### ASSIGNMENT
The answer should match the entries that follow exactly, except that no image appears in it.

### RECORDS SHOWN
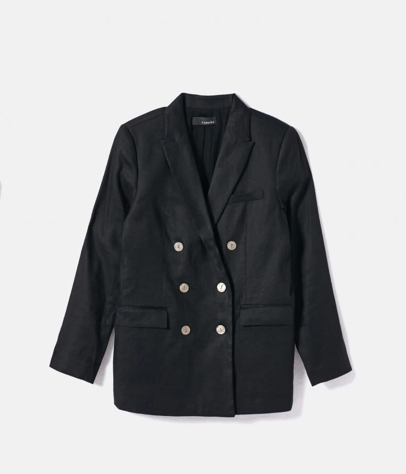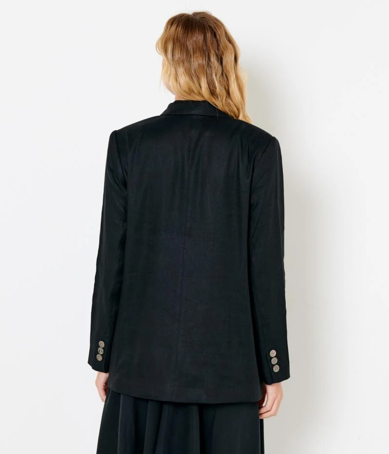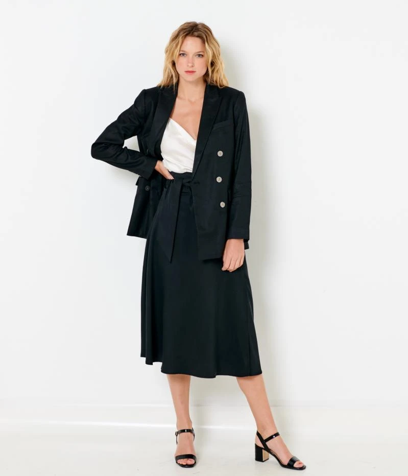 Vente Veste blazer double boutonnage femme Camaieu – Une veste de blazer femme confectionnée en toile de viscose. Coupe rallongée, col tailleur, fermeture double boutonnage, poche passepoil poitrine, poches à rabats. Le mannequin mesure 1.75M et porte une taille 38.
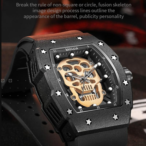 BAOGELA 224141 Hollow Skull Luminous Sports 304 Stainless Steel Silicone Men Watch(Black Shell Rose Face Black Belt)
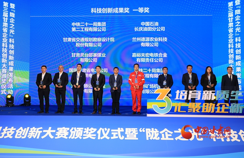 近日,第三届甘肃省企业科技创新大赛颁奖仪式暨“陇企之光”科技创新成果发布活动在甘肃科技馆举行。大赛共评选出科技创新企业金奖5家、银奖10家、铜奖15家及优秀奖40家。科技创新成果一等奖10项、二等奖20项、三等奖30项及优秀奖60项。科技创新达人20名。
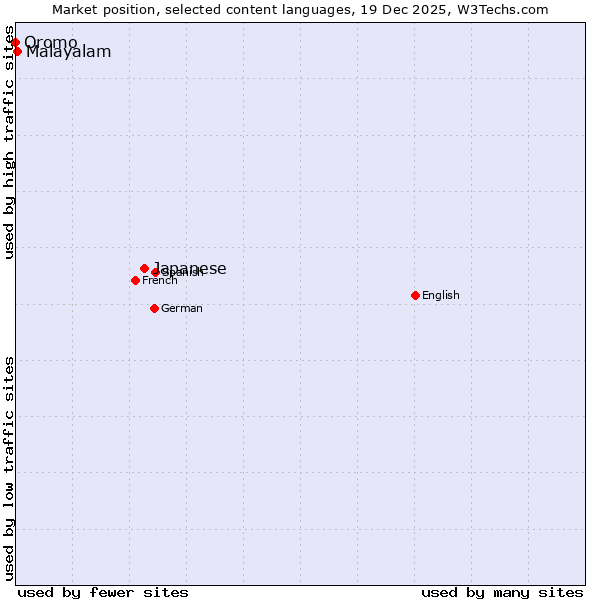 TechnologiesContent ManagementServer-side Languages Client-side Languages JavaScript Libraries CSS Frameworks Web Servers Web Panels Operating Systems Web Hosting Data Centers Reverse Proxies DNS Servers Email Servers SSL Certificate Authorities Content Delivery Traffic Analysis Tools Advertising Networks Tag Managers Social Widgets Site Elements Structured Data Markup Languages Character Encodings Image File Formats Top Level Domains Server Locations Content Languages | Technologies > Content Languages > Technology usage comparison Comparison of the usage statistics of Japanese vs. Malayalam vs. Oromo for websitesThis report shows the usage statistics of Japanese vs. Malayalam vs. Oromo as content language on the web. See technologies overview for explanations on the methodologies used in the surveys. Our reports are updated daily. UsageThis diagram shows the percentages of websites using the selected technologies. How to read the diagram:
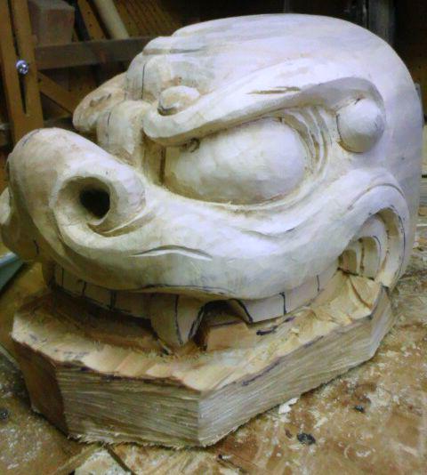 寒くなり獅子彫りはかどります
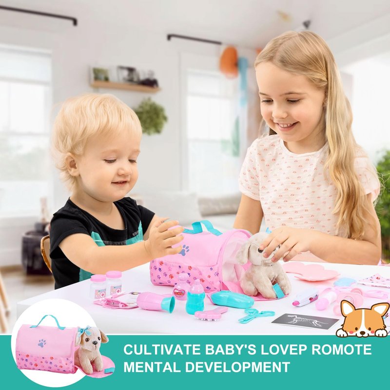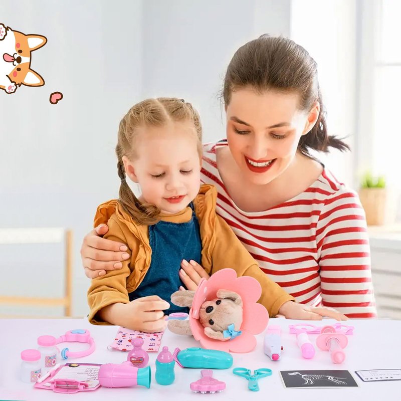 - Pretend Kids Doctor Kit Toys - The doctor kids toys let kids better immerse themselves in the role of a doctor and experience fun and creative pretend play with simulated medical tools and realistic doctor dress-up. Toddlers can wear adorable doctor outfits to care for their adorable puppy or other dolls. Great gifts girl toys 6-8.
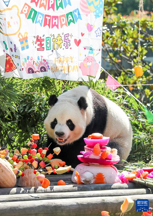 7月27日,大熊貓“林溪”“一家”在四川省廣安市華鎣山熊貓苑,分別迎來4歲和6歲生日,飼養(yǎng)員為它倆舉行了一場別開生面的生日會。
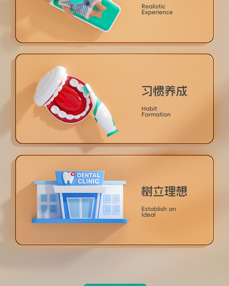 | Desarrollo de la capacidad | Emoción, visión, desarrollo intelectual, reptiles, Movimiento de manos y cerebro, agarre, sentidos, coordinación mano - ojo, otros desarrollos de habilidades, juguetes interactivos, audición, comunicación padre - hijo, cultivo de intereses |

### SOLUTION TO THIS EXERCISE
 Vente Veste blazer double boutonnage femme Camaieu – Une veste de blazer femme confectionnée en toile de viscose. Coupe rallongée, col tailleur, fermeture double boutonnage, poche passepoil poitrine, poches à rabats. Le mannequin mesure 1.75M et porte une taille 38.
 BAOGELA 224141 Hollow Skull Luminous Sports 304 Stainless Steel Silicone Men Watch(Black Shell Rose Face Black Belt)
 近日,第三届甘肃省企业科技创新大赛颁奖仪式暨“陇企之光”科技创新成果发布活动在甘肃科技馆举行。大赛共评选出科技创新企业金奖5家、银奖10家、铜奖15家及优秀奖40家。科技创新成果一等奖10项、二等奖20项、三等奖30项及优秀奖60项。科技创新达人20名。
 TechnologiesContent ManagementServer-side Languages Client-side Languages JavaScript Libraries CSS Frameworks Web Servers Web Panels Operating Systems Web Hosting Data Centers Reverse Proxies DNS Servers Email Servers SSL Certificate Authorities Content Delivery Traffic Analysis Tools Advertising Networks Tag Managers Social Widgets Site Elements Structured Data Markup Languages Character Encodings Image File Formats Top Level Domains Server Locations Content Languages | Technologies > Content Languages > Technology usage comparison Comparison of the usage statistics of Japanese vs. Malayalam vs. Oromo for websitesThis report shows the usage statistics of Japanese vs. Malayalam vs. Oromo as content language on the web. See technologies overview for explanations on the methodologies used in the surveys. Our reports are updated daily. UsageThis diagram shows the percentages of websites using the selected technologies. How to read the diagram:
 寒くなり獅子彫りはかどります
 - Pretend Kids Doctor Kit Toys - The doctor kids toys let kids better immerse themselves in the role of a doctor and experience fun and creative pretend play with simulated medical tools and realistic doctor dress-up. Toddlers can wear adorable doctor outfits to care for their adorable puppy or other dolls. Great gifts girl toys 6-8.
 7月27日,大熊貓“林溪”“一家”在四川省廣安市華鎣山熊貓苑,分別迎來4歲和6歲生日,飼養(yǎng)員為它倆舉行了一場別開生面的生日會。
 | Desarrollo de la capacidad | Emoción, visión, desarrollo intelectual, reptiles, Movimiento de manos y cerebro, agarre, sentidos, coordinación mano - ojo, otros desarrollos de habilidades, juguetes interactivos, audición, comunicación padre - hijo, cultivo de intereses |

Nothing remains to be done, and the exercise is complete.